Performance characterization
37 Dell EMC Ready Solution for HPC PixStor Storage | Document ID
Figure 20 N to N Sequential Performance
From the results we can observe that write performance rises with the number of threads used and then
reaches a plateau at around 64 threads for writes and 128 threads for reads. Then read performance also
rises fast with the number of threads, and then stays stable until the maximum number of threads that IOzone
allow is reached, and therefore large file sequential performance is stable even for 1024 concurrent clients.

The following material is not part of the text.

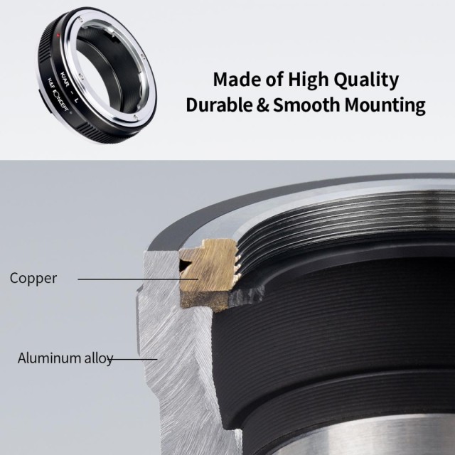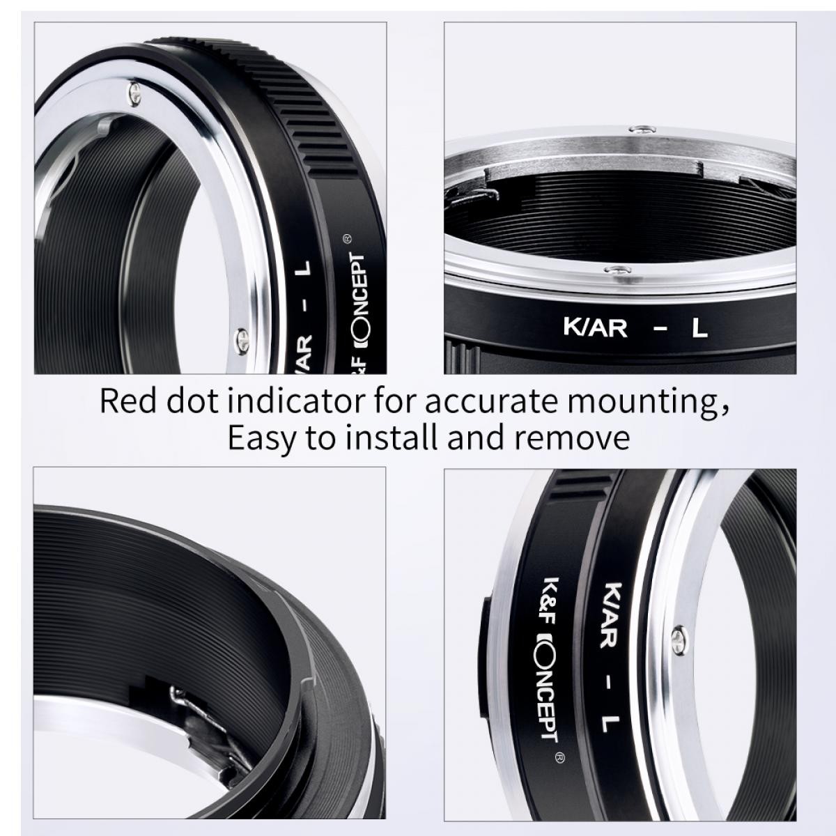 Der hochpräzise Objektivadapter K/AR-L von K&F ermöglicht es Fotografen, klassische Konica-Objektive mit AR-Anschluss mit modernen Leica-Kameras mit L-Anschluss zu kombinieren. Dieser aus hochwertiger Kupfer- und Aluminiumlegierung gefertigte Adapter bietet hervorragende Haltbarkeit, präzise Ausrichtung und reibungslose Montage ohne Spiel während des Betriebs.

Write performance drops about 10% at 1024 threads. However, since the client cluster has less than that
number of cores, it is uncertain if the drop in performance is due to swapping and similar overhead not
observed in spinning media(since NVMe latency is very low compared to spinning media), or if the RAID 10
data synchronization is becoming a bottleneck. More clients are needed to clarify that point. An anomaly on
the reads was observed at 64 threads, where performance did not scale at the rate that was observed for
previous data points, and then on the next data point moves to a value very close to the sustained
performance. More testing is needed to find the reason for such anomaly but is out of the scope of this blog.
The maximum read performance for reads was below the theoretical performance of the NVMe devices (~102
GB/s), or the performance of EDR links, even assuming that one link was mostly used for NVMe over fabric
traffic (4x EDR BW ~96 GB/s).
However, this is not a surprise since the hardware configuration is not balanced with respect to the NVMe
devices and IB HCAs under each CPU socket. One CX6 adapter is under CPU1, while the CPU2 has all the
NVMe devices and the second CX6 adapters. Any storage traffic using the first HCA must use the UPIs to
access the NVMe devices. In addition, any core in CPU1 used must access devices or memory assigned to
CPU2, so data locality suffers, and UPI links are used. That can explain the reduction for the maximum
performance, compared to the max performance of the NVMe devices or the line speed for CX6 HCAs. The
alternative to fix that limitation is having a balanced hardware configuration which implies reducing density to
half by using an R740 with four x16 slots and use two x16 PCIe expanders to equally distribute NVMe devices
on two CPUs and having one CX6 HCA under each CPU.